With this approach, I think that we can use the following API endpoints:
/stats/publications
/stats/publications/files
The $slimRequest
allows us to get the headers with $slimRequest->getHeaders()
. See https://www.slimframework.com/docs/v3/objects/request.html
Do the geographical stats only apply to visits to publications? If just publications, we can use a query param to determine the appropriate scale for the report:
/stats/publications/locations?scale=country|region|city
Now that I posted that, I realize that the API endpoint when delivering a report probably shouldn't include pagination. With the report they want the whole thing all at once. It may not make much sense for us to return CSV directly in our API.
I think this goes back to the thing we were discussing about how the report should be compiled through a task on the queue. We may need to rethink this part...
So, I think either way we'll need a way to try not to hammer the server for very large exports. We have two options:
a) break the export into jobs on the task queue b) use the API to chunk the export and assemble it in the browser
I think (a) is the best approach, but it would require us to build a whole system for generating reports and downloading them later. I'm not sure if we want to do that just yet.
I think (b) is more workable than I expected. I found this answer on StackOverflow which suggests using Blob
for large strings. I think you may already be using this approach.
So what we would do is we would use the API along with the Accept
header as I described. The API would return CSV values with up to 100 rows at a time. So the JS code in the browser would check to see if there are more items and if so ask for page two of the results, and concatenate the CSV file itself, building the complete report in the browser.

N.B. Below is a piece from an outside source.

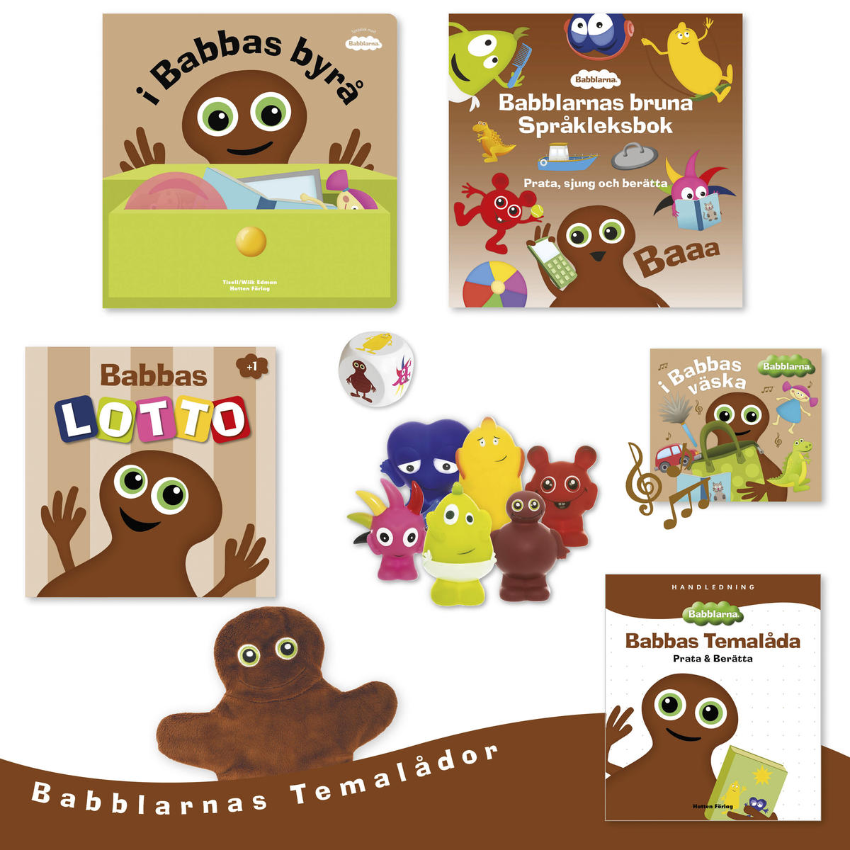 Babblarnas temalådor är inspirerande paket för språklek på ett specifikt tema förankrat i förskolans läroplan. I Babbas språklåda är temat prata och berätta. Materialet fokuserar på ord, ordlekar, ramsor, berättelser och sagor. Lådan innehåller en stor kartongbok ”I Babbas byrå”, en Språkleksbok med härliga uppslag för språkutvecklande aktiviteter, en sång med tillhörande sånglek, ett lottospel, Babba som handdocka och Babblarna plastfigurer som även fungerar som spelpjäser med medföljande tärning. Materialet levereras med en lättläst och tydlig handledning.

With this approach we prevent a large export from killing the server in one go, and we can redirect the user directly to the file download. Does that sound like an ok approach? It may seem unusual to do this much work in the browser but I think it will be easier than it seems.
Thanks a lot @NateWr!
I will definitely see/test the Accept
header as you described.
The performance is now much better, so we might be a little bit more flexible... -- e.g. for 180 submissions the report generation needs ca. 11 seconds... I trust you that we can then concatenate everything on the client side...
And regarding the Geo stats: Geo stats only apply to visits of publications/submissions.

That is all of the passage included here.